• [Working data]:

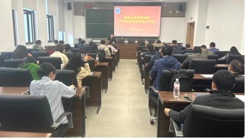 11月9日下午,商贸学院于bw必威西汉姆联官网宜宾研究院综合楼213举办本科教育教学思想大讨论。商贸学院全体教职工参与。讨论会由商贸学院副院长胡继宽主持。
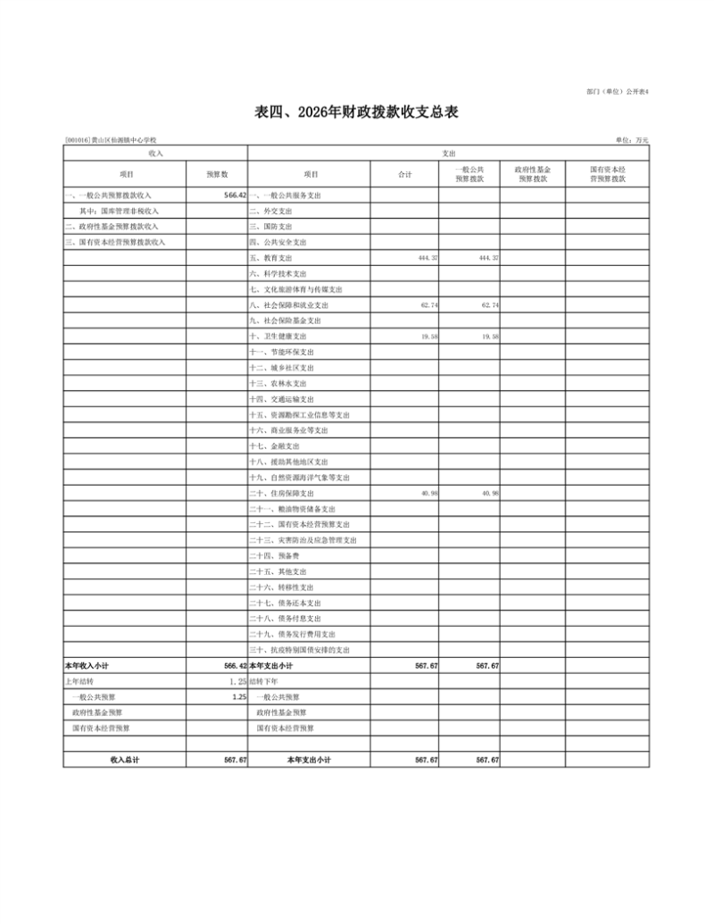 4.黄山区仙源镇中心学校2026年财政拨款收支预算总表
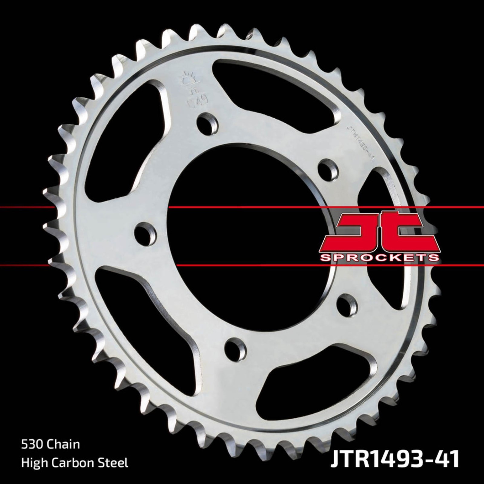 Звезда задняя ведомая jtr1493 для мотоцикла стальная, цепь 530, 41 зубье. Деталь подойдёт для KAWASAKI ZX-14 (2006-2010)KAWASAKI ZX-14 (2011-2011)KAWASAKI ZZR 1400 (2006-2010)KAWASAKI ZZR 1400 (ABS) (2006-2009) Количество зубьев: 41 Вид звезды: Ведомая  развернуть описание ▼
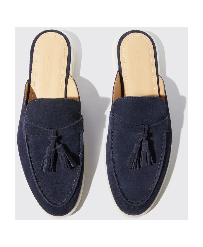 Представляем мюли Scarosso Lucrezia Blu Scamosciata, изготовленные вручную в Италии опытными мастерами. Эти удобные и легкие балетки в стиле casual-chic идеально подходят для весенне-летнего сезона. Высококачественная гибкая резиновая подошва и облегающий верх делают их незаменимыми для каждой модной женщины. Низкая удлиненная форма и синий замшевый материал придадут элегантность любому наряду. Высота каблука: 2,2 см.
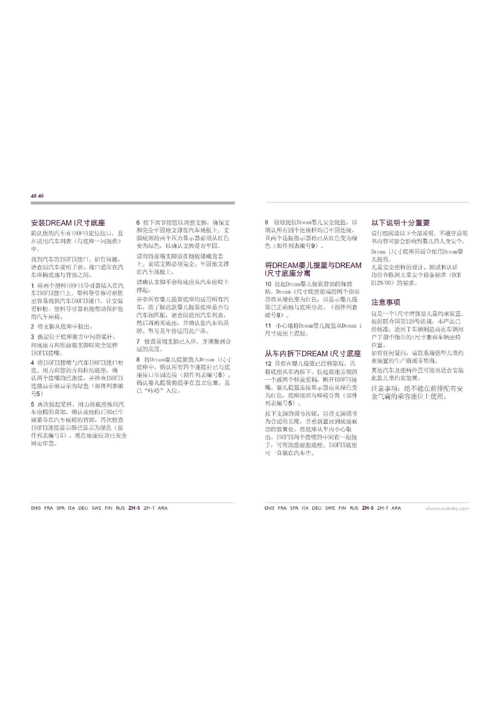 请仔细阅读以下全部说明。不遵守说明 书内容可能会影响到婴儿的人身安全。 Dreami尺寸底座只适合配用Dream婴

==

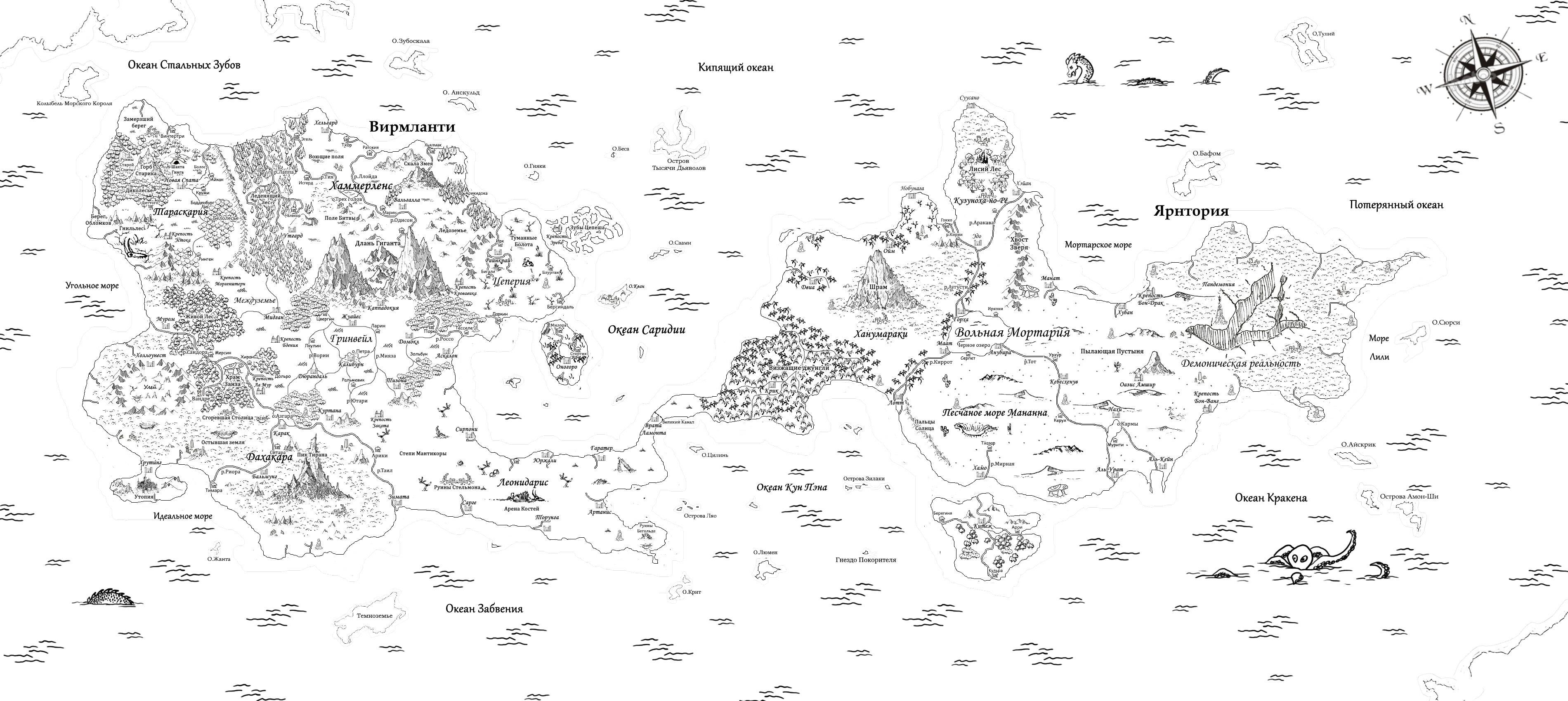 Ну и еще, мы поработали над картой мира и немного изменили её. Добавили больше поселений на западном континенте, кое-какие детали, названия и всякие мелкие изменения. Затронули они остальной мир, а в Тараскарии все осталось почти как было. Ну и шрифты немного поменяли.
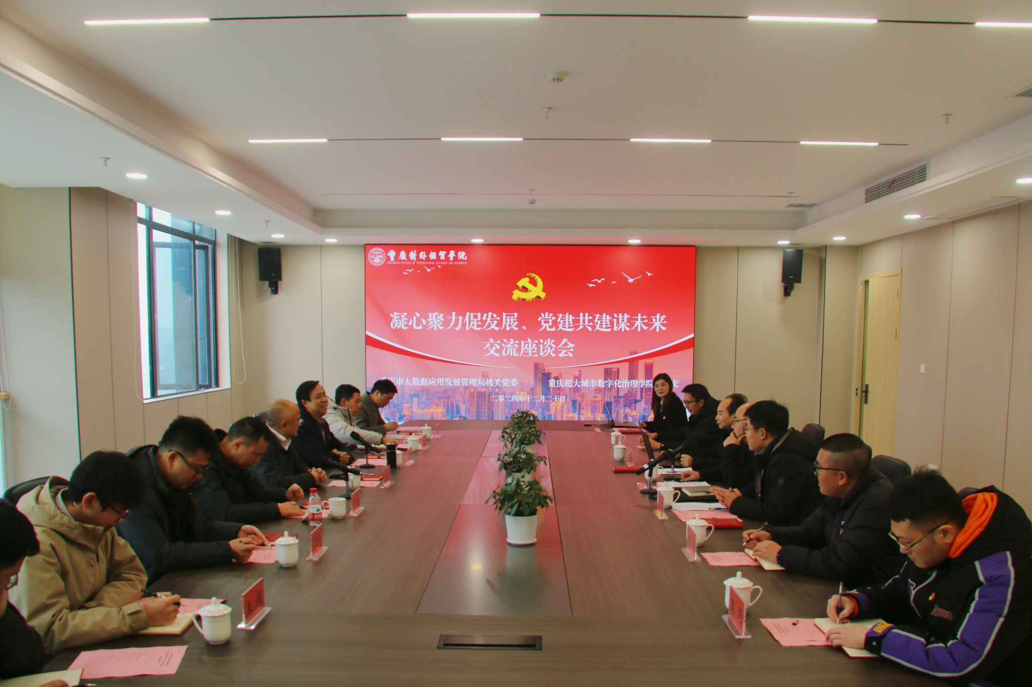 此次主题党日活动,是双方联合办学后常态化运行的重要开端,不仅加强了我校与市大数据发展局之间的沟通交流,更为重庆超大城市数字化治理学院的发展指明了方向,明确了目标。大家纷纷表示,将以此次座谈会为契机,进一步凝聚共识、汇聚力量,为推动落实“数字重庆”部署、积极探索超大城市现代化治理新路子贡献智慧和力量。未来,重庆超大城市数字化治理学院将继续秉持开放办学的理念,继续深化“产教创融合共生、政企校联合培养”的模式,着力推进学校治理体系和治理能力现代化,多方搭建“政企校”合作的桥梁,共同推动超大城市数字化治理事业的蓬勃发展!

==

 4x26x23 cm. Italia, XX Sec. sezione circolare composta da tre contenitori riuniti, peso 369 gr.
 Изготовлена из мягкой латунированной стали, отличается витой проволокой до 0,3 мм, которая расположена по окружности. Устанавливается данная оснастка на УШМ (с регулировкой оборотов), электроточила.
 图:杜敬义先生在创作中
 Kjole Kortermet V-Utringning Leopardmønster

• [What to produce]: In the entries above, find the line with "11月9日下午,商贸学院于b" and the line with "Звезда задняя ведомая". Write out exactly those two lines and every line between them, pictures excluded.

• [Task result]:
 11月9日下午,商贸学院于bw必威西汉姆联官网宜宾研究院综合楼213举办本科教育教学思想大讨论。商贸学院全体教职工参与。讨论会由商贸学院副院长胡继宽主持。
 4.黄山区仙源镇中心学校2026年财政拨款收支预算总表
 Звезда задняя ведомая jtr1493 для мотоцикла стальная, цепь 530, 41 зубье. Деталь подойдёт для KAWASAKI ZX-14 (2006-2010)KAWASAKI ZX-14 (2011-2011)KAWASAKI ZZR 1400 (2006-2010)KAWASAKI ZZR 1400 (ABS) (2006-2009) Количество зубьев: 41 Вид звезды: Ведомая  развернуть описание ▼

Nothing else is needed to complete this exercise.